Unfortunately, I have had more than one cancer scare in my life. Most have been moles but, in January, I found a breast lump and lived through that process (resulting in a surgical excision of an ultimately benign adenosis) as well. 2013 has been a constant cancer scare.
My MO is NOT to tell people until results are in, especially not my parents. They are worry- warts. They are pessimists. They get long faces. They pick out your coffin (And, no, now is not the time to talk about apples falling from trees :-) )
Now, my mom and I have had a trip planned for Spring Break, which starts this Friday for my boys. We were going to take them to Myrtle Beach. The plan was to drive separately since my parents and I live in different states. So, my mom- who is pretty neurotic about everything, not just health- has been calling me repeatedly to ask if I've "thought more about Myrtle Beach" (especially whether I was going to leave Friday or not). I've been putting her off and putting her off. But today, I just blurted out, "Listen, I'm being tested for melanoma, and I'm really not thinking much about the trip." GAH.
Her voice got grave. I started tearing up. She has been around the melanoma block with my sister. I didn't have it in me to talk long, but she asked if I would let her know when I got my results. Well, duh, of course I will let you know!!!!
We got off the phone and she called my sister immediately because SIS called me not 5 minutes after my mom hung up. I learned more about her melanoma than I ever thought to ask before. Hers was a pink one. It had started out darker and lightened. For three years, she had been concerned about it, but multiple doctors told her "Nothing to worry about." She finally found one who agreed to biopsy it, and that dermatologist also thought it would be nothing. But, it wasn't nothing. It came back melanoma.
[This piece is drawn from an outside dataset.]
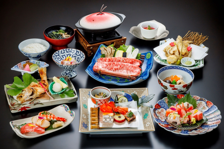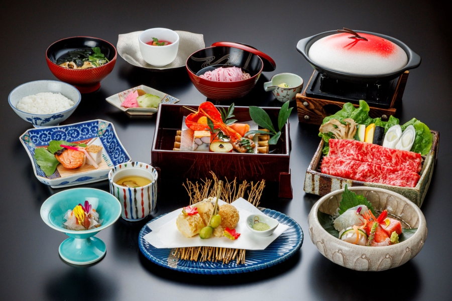 矢田屋松濤園は、大江戸温泉物語グループで唯一の会席料理を提供しています。会席料理は「秋基本会席」と「秋特選会席」の2種類が用意されており、金沢の市場で厳選された旬の食材や、加賀野菜などの地元食材「じわもん」を使用しています。料理長が腕を振るい、食感や見た目、五感で秋を感じられるように工夫された繊細な料理に仕立てられています。

The doctor called her personally and, with absolutely zero compassion or bedside manner, just said, "You've got malignant melanoma and will need to come back in for an appointment." She asked what that meant, and his answer was, "Well, usually if you get one, it means you'll get more." That was his answer. YIKES.
It turns out, the one she had been watching for three years was still in situ. Because she had worried about it for so long, she really thought it was going to be advanced, and her daughter was only one at the time. I remember she called me at that time, really shaken up about dodging the bullet and how much she had feared leaving her child without a mom. I TOTALLY didn't get it at the time. I was dismissive and compared her experience to my experience with a mole removal. UGH. Kinda embarrassed and miserably sorry about that now.
Do I feel better after talking to SIS? Yes and no. She said that, for what it's worth, she has a lot of moles that sound like the one I had taken from my arm. She asked if I have other moles that look like it, but I don't. I'm still feeling like it could go either way. And, the blackhead thing? That one is still throwing me for an enormous loop.
I am now on day eleven from getting the arm mole removed, and i can't understand why I don't have my results. My sister said that happened to her once. One of her moles needed to be sent to a second pathologist because it was a borderline melanoma case. That caused the delay. If that is the cause of MY delay, well, I'm not feeling so great about that.